Low PgI and PgI/PgII ratio are indicators of atrophic changes in the gastric mucosa, and most studies have used PgI < 70 ng/ml and PgI/PgII ratio < 3 as the best cutoff values for GC screening in Asian populations [9]. In our study, only a PgI/PgII ratio < 3 showed significant differences between Groups 1 and 2 (8.5 vs. 12.2, p = 0.003); therefore, it was an important risk factor for AG, IM, and GC in our population (OR adjusted for sex and age was 9.171, 95% CI: 1.723–48.799, p = 0.009).
In the overall sample, 64 of 129 subjects (49.6%) were positive for H. pylori IgG antibodies, and according to histology, 37/105 (35.2%) subjects had H. pylori infection. Differences between H. pylori infection detected by histology were observed in Groups 1 and 2 (51.3% of subjects from Group 1 vs. 25.8% of Group 2 p = 0.016). The biomarker of H. pylori determined by histology was a risk factor for AG, IM, and GC in our population (OR = 3.034, 95% CI: 1.315–6.999, p = 0.018), and H. pylori determined by IgG antibodies had an OR of 1.951 (95% CI: 0.874–4.356, p = 0.103). Discrepancies between the histological and serological results for H. pylori detection could be attributed to a variety of factors, including the expertise of the pathologist, natural loss of infection due to advanced atrophy, or false-positive serology in the case of a previous infection, because antibodies may be present in blood following recovery from the infection.

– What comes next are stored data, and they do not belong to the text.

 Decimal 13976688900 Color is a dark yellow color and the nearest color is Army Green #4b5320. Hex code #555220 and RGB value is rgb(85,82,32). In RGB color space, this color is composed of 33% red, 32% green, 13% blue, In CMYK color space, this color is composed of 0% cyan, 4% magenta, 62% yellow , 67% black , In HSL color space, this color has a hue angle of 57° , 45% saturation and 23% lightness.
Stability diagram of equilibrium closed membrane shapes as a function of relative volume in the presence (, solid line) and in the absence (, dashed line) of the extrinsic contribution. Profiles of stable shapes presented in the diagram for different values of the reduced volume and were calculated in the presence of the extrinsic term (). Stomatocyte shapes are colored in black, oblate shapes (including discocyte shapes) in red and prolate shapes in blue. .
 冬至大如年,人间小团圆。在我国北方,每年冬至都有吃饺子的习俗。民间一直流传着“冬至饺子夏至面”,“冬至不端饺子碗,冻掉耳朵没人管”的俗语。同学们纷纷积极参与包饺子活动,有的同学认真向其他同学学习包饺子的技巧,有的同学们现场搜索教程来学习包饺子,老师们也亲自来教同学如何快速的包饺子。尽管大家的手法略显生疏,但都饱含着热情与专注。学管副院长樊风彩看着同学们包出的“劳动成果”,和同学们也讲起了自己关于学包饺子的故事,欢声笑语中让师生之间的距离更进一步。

Previously, the prevalence of H. pylori in the Mexican population was reported to range from 24.5% to 72.7% in children [2] and from 67.8% to 86.1% in adults [3]. Our frequencies are lower than those previously reported, probably because of the efforts made in the eradication of H. pylori infection, the frequencies are now diminished.
Regarding biomarkers, when considering only 2 groups (atrophy and normal), we observed significant differences in PgI and G-17 levels and the PgI/PgII ratio.

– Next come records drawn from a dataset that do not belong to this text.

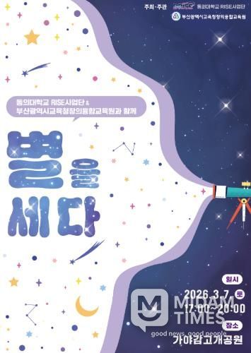 미담타임스 남혜영 기자 | 부산광역시교육청창의융합교육원은 오는 7일 오후 5시부터 부산진구 소재 가야 감고개공원에서 학생, 학부모, 시민 등 700여 명을 대상으로 ‘별을 세다’ 행사를 개최한다.
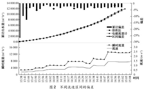 圖 2 的結(jié)果顯示,容積法校驗(yàn)電磁流量計(jì)累計(jì)偏差開始階段不穩(wěn)定,后期趨于穩(wěn)定,在 -3. 0%附近。這是測(cè)量中不可避免存在某幾個(gè)時(shí)刻(特別出廠水流量改變時(shí))某些測(cè)量點(diǎn)液位波動(dòng)較大,導(dǎo)致記錄數(shù)值與真實(shí)情況存有較大差異,一開始累計(jì)出水總量較少,偏差會(huì)相對(duì)放大,在后期累計(jì)水量大,這一原因?qū)е碌钠顪p少,偏差值也趨于穩(wěn)定。
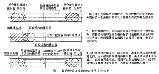 (5)混凝土的密实性 混凝土自身越密实,则其抗渗漏性能越好。由于地下连续墙混凝土的浇筑属于水下浇筑混凝土,其特殊的构造导致了不能对混凝土进行机械振捣。在这种情况下,主要依靠混凝土的自重使其密实,这种混凝土即自密实混凝土。而影响其自密实性能的主要为:粗骨料与固体混凝土的体积比,细骨料与砂浆的体积比以及水灰比。一般地,粗骨料与固体混凝土的体积比越小,细骨料与砂浆的体积比越小;而水灰比越大,则自密实性越好。2本工程中所采取的有效防渗漏措施2.1 针对连续墙结构采用的防渗漏措施 (1)在东西端头井(双衬墙)连续墙施工中,采用了复合锁口管连接的墙体接头新工艺。其基本原理为:用接头箱和反力管复合而成的复合接头管代替单根接头管,把普通接头管当作止水接头(如图3所示)。 (2)在标准段(单衬墙)连续墙施工中,采用了刚性十字钢板接头。将十字钢板焊接在连续墙钢筋笼上,利用接头箱保护成墙后的墙体接头面,待吊放钢筋笼之前拔出接头箱。采用这种刚性接头可在很大程度上减少连续墙接缝的漏水情况,可有效保证单衬墙防渗漏水的施工质量。 (3)为了防止预埋接驳器的部位渗漏水,在预埋接驳器迎土面加焊了防水钢板(如图4所示)。
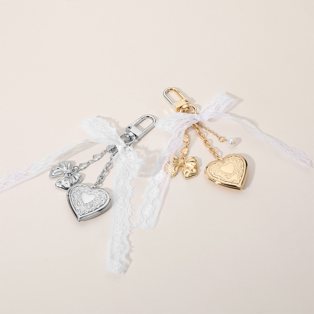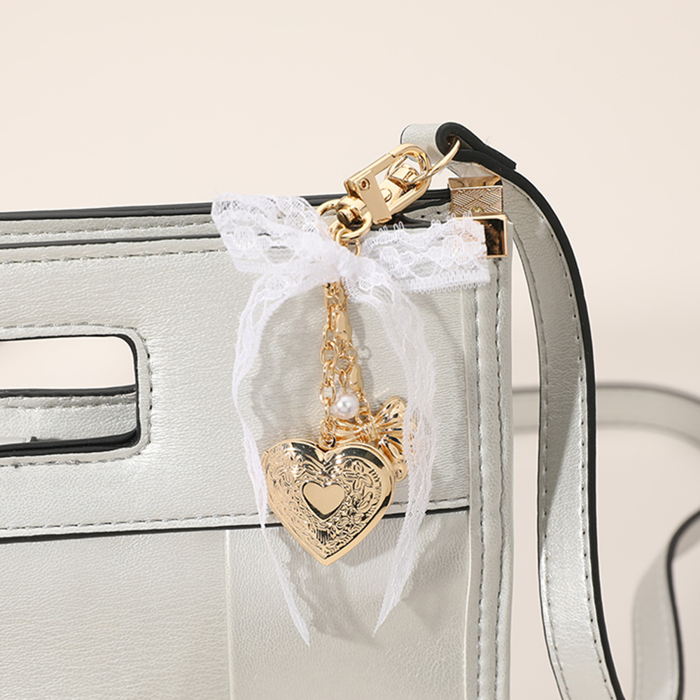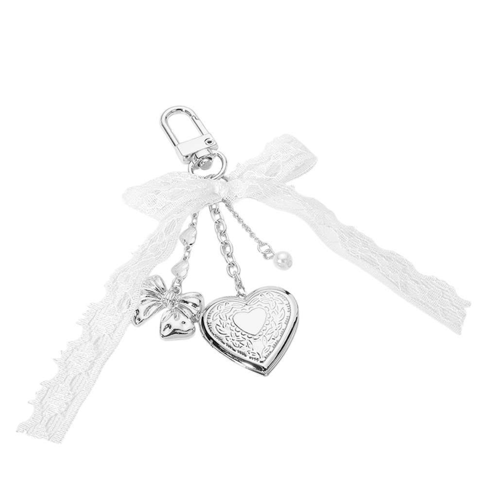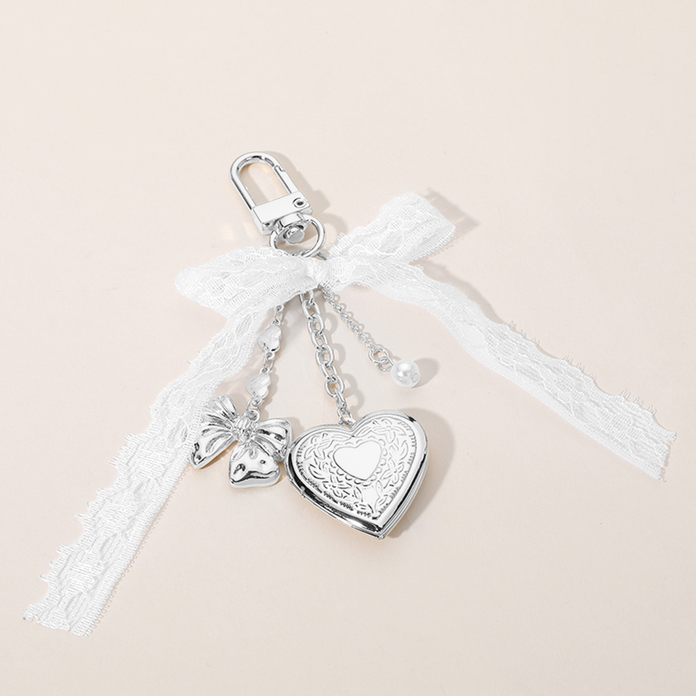 Metal Heart Locket Pearl Lace Bow Embellished Bag Charm Keychain
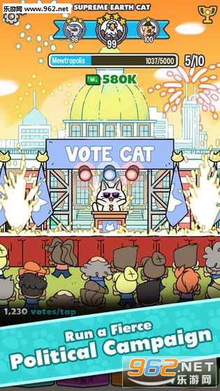 《喵喵选举》是一款超萌的放置手游。游戏中的这只喵不平凡,它不甘心这一辈子只做一个人的喵主子,它想成为宇宙万物的喵主子,哼,真实心比天高……志向远大呀,没有办法,它是喵主子,一切都得支持它,所以游戏中玩家的主要任务就是帮助喵喵选举,走上喵生巅峰。

The evaluation of the GastroPanel biomarkers as diagnostic tests showed high specificity (89.4%) as well as single biomarkers PgI and PgI/PgII ratio (92.4% and 96.9%, respectively), which make these biomarkers useful for designating negative cases for precursor lesions of GC but not as sensitive for identifying positive cases.
The accuracy index of the GastroPanel biomarkers was 65.7% in patients in the AG, IM, and GC groups, whereas diagnosis with the gold standard was made in 89.4% of patients in the NAG group. Other studies have also shown that the biomarkers of GastroPanel have low sensitivity for AG detection [10–12]. Additionally, 1 patient was diagnosed by histology with diffuse-type GC. In this patient, the PgII value was slightly low, and H. pylori antibodies were high, suggesting H. pylori infection alone (premalignant lesions such as AG were discarded), and the GastroPanel could not identify GC. Other studies have shown that the GastroPanel is not useful for GC diagnosis because of its limited application as a screening tool for GC [13].
In conclusion, in the Western Mexican population, precursor lesions (AG, IM) are common in adults (45%) with dyspepsia but infrequent in children (8%). H. pylori infection was detected in 41.3% of adults and 16.0% of children. Of the studied biomarkers, a PgI/PgII ratio < 3 was an important risk factor for precursor lesions such as AG or IM in our population, with an OR of 9.171 (95% CI: 1.723–48.799, p = 0.009).